Angles in cyclic quadrilateral in semi-circle

Given a cyclic quadrilateral ABCD in a semi-circle, (let AD be the diameter),let AB=BC=1. Draw the line DB.

Prove that angle ADB= angle BDC

This was taken as obvious in a solution I read, but it is not at all obvious to me. Help in understanding this result would be appreciated.

Re: Angles in cyclic quadrilateral in semi-circle

Hello, I-Think!

Quote:

$\displaystyle \text{Given a cyclic quadrilateral }ABCD\text{ in a semicircle with diamter AD.}$

$\displaystyle \text{Let }AB = BC = 1.\;\text{ Draw the line segment }DB. $

$\displaystyle \text{Prove that: }\:\angle ADB \,=\, \angle BDC$

Didn't they explain why it is "obvious"?

Angles $\displaystyle ADB$ and $\displaystyle BDC$ are inscribed angles.

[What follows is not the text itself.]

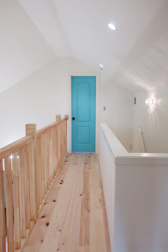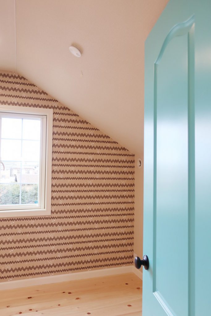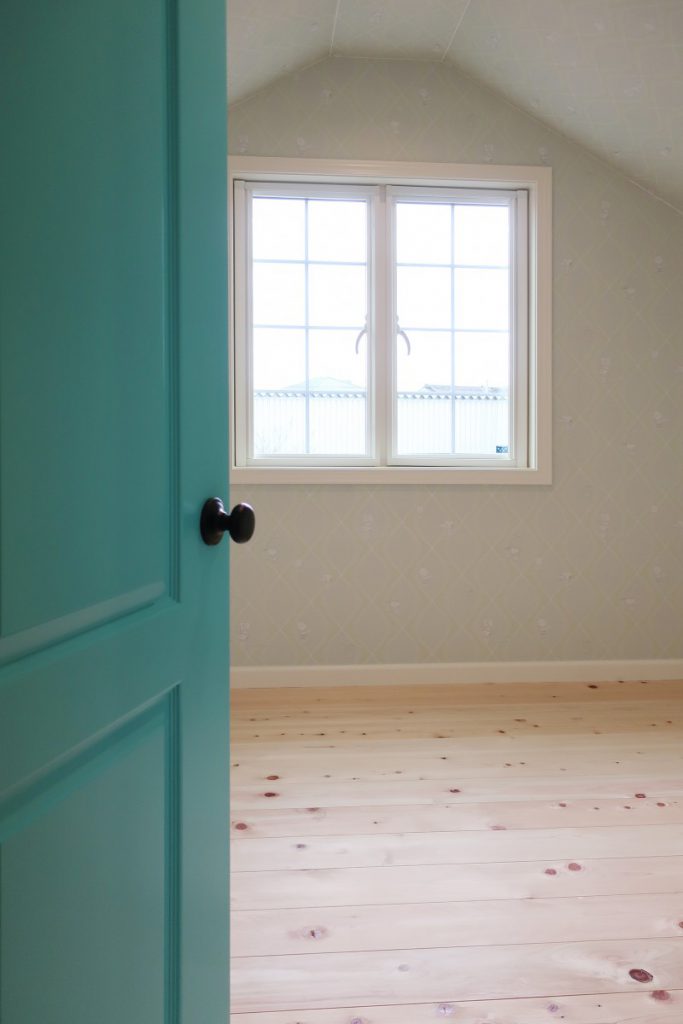可愛い色のドアの向こうには、屋根勾配を生かした不思議な空間。
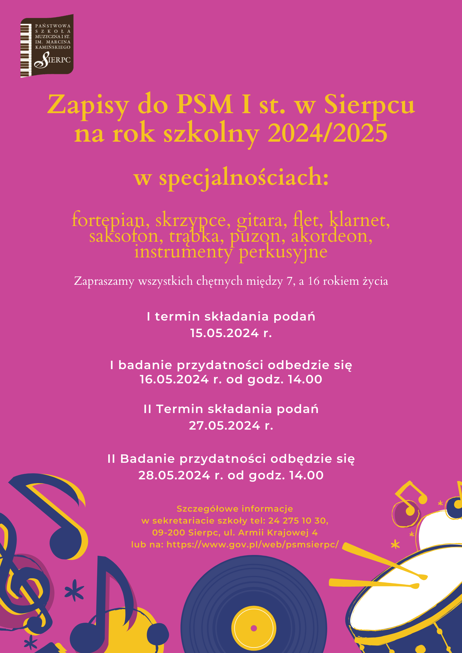 Dyrektor Państwowej Szkoły Muzycznej I stopnia im. Marcina Kamińskiego w Sierpcu ogłasza zapisy dzieci i młodzieży chętnych do nauki gry na instrumentach w następujących specjalnościach: fortepian, skrzypce, gitara, flet, klarnet, saksofon, trąbka, puzon, akordeon, instrumenty perkusyjne.

. . They are measured by one-half their intercepted arcs.

We are told that chords $\displaystyle AB$ and $\displaystyle BC$ are equal.

. . Hence, their respective arcs are equal: .$\displaystyle \overline{AB} \:=\:\overline{BC} $

Therefore: .$\displaystyle \angle ADB \,=\,\angle BDC$